▶ _Items from a data source_:
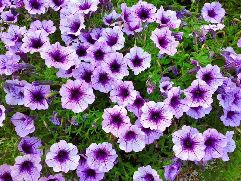Petunias are prolific bloomers throughout the summer, except in extreme heat. The flower comes just about in every colour but true blue. Their distinct feature is the wide trumpet-shaped petals and branching foliage that is hairy and sticky. If you’re looking for a plant to give your garden a splashy and delightful display, then Petunias are the ideal plant to have.
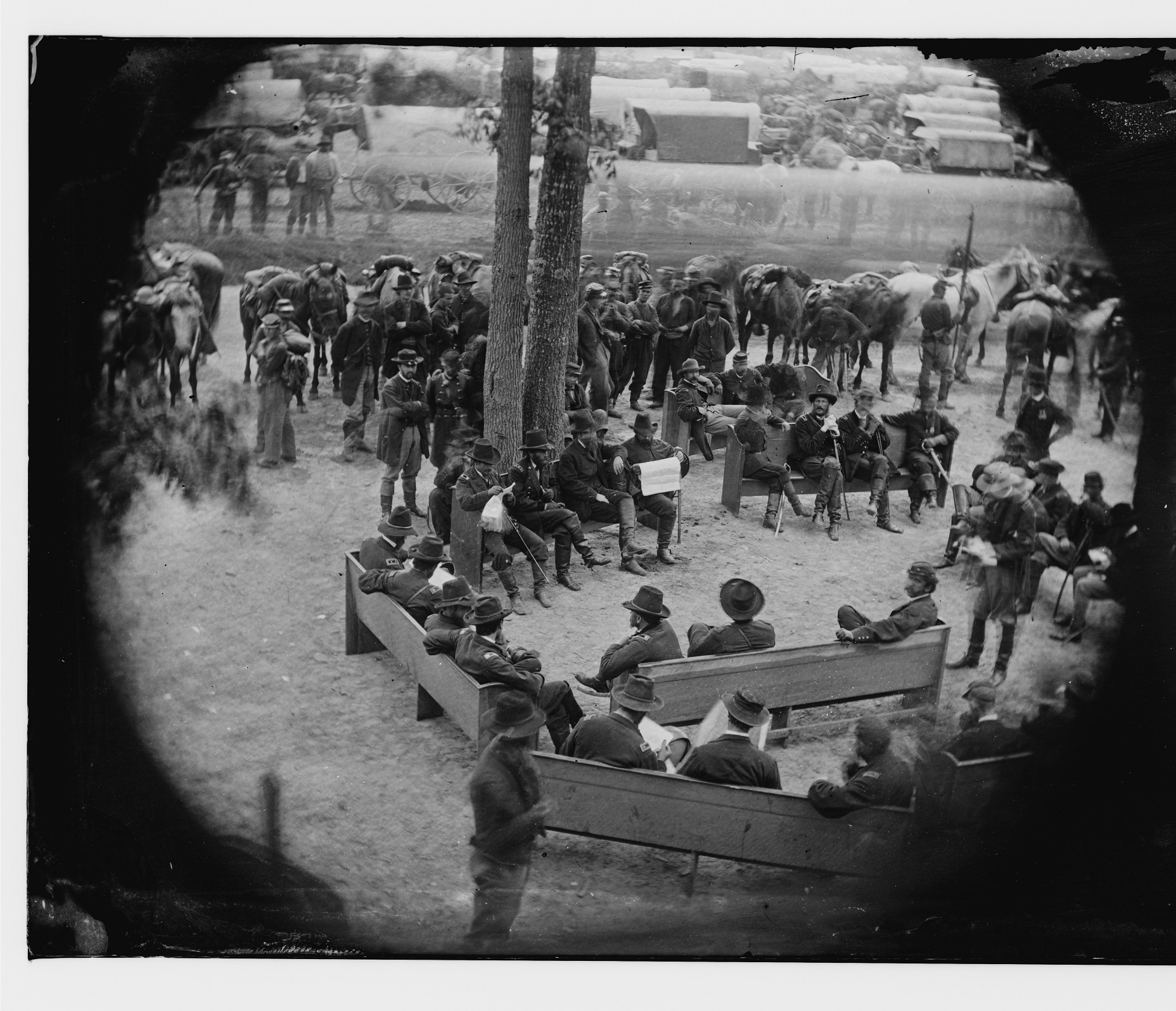 Ambrose Burnside (reading paper) and staff at Cold Harbor, June 11 or 12, 1864. That’s photographer Mathew Brady in the straw hat (Library of Congress).
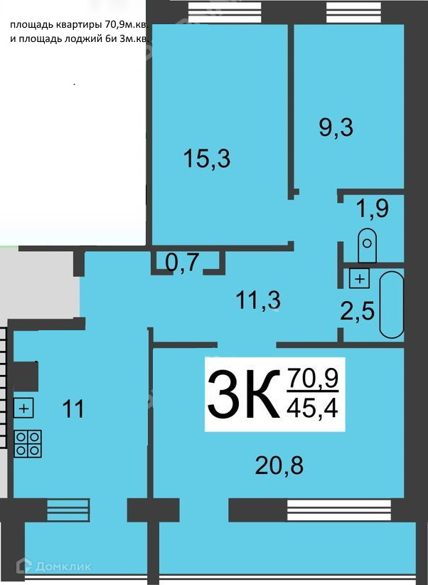 Общая площадь 70.9 м2
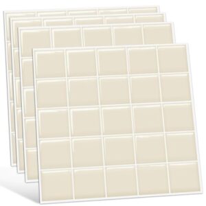 XINZY タイルシール 3D 壁紙シール 防水 防汚 耐熱 立体 レンガ調 剥がせる DIY リメイクシート キッチン 洗面所 壁面 トイレ 家具装飾用 ウォールステッカー モザイクタイル柄 賃貸 模様替え 簡単取付 (淡い杏色, 25 x 25cm 4枚)
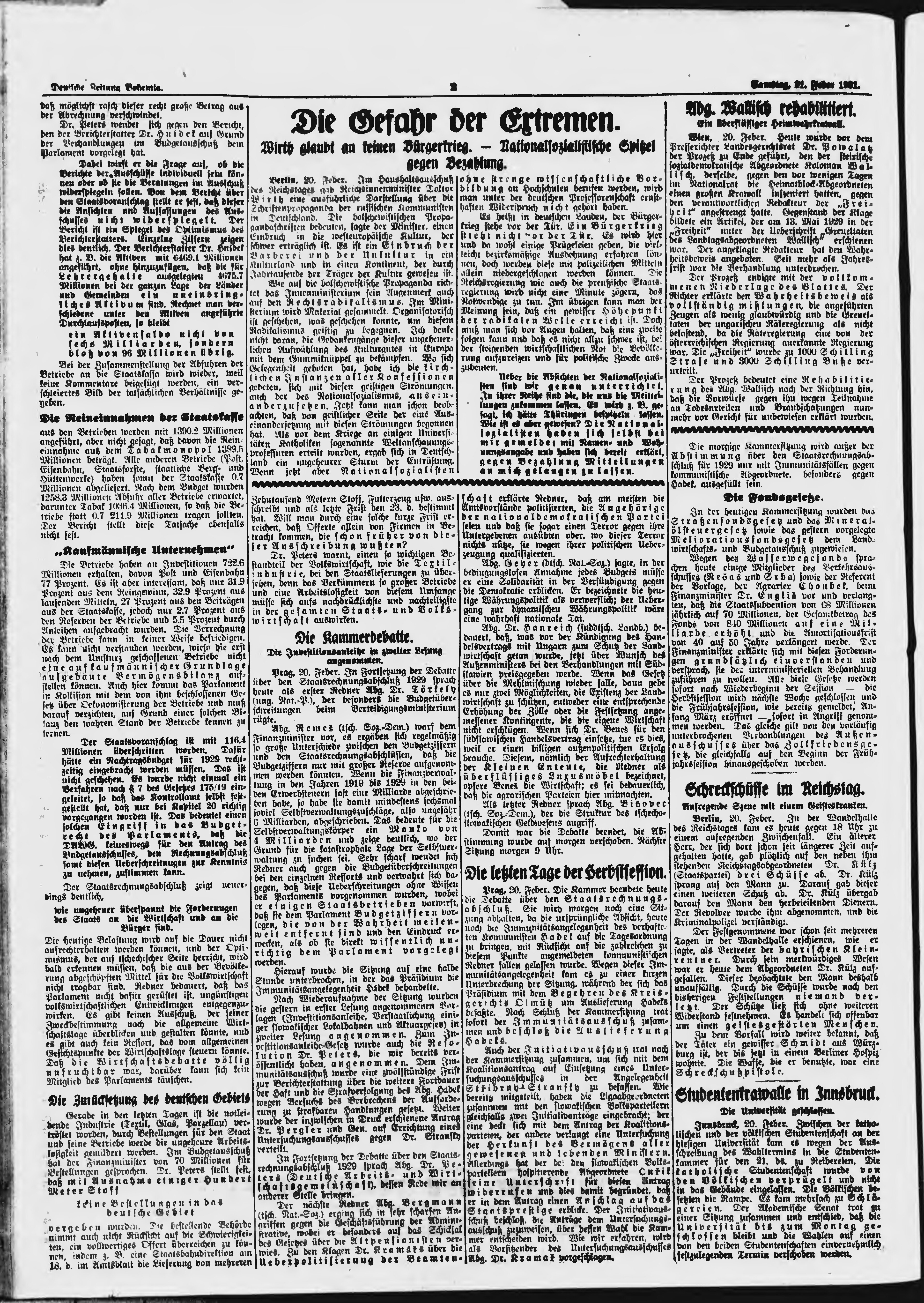 * Datum vydání výtisku: 21.2.1931 Číslo výtisku: 45 Poznámky k výtisku: ranní vydání;

▶ _Problem_:
What is needed is the data above, retyped exactly, with every picture left out.

▶ _Task result_:
Petunias are prolific bloomers throughout the summer, except in extreme heat. The flower comes just about in every colour but true blue. Their distinct feature is the wide trumpet-shaped petals and branching foliage that is hairy and sticky. If you’re looking for a plant to give your garden a splashy and delightful display, then Petunias are the ideal plant to have.
 Ambrose Burnside (reading paper) and staff at Cold Harbor, June 11 or 12, 1864. That’s photographer Mathew Brady in the straw hat (Library of Congress).
 Общая площадь 70.9 м2
 XINZY タイルシール 3D 壁紙シール 防水 防汚 耐熱 立体 レンガ調 剥がせる DIY リメイクシート キッチン 洗面所 壁面 トイレ 家具装飾用 ウォールステッカー モザイクタイル柄 賃貸 模様替え 簡単取付 (淡い杏色, 25 x 25cm 4枚)
 * Datum vydání výtisku: 21.2.1931 Číslo výtisku: 45 Poznámky k výtisku: ranní vydání;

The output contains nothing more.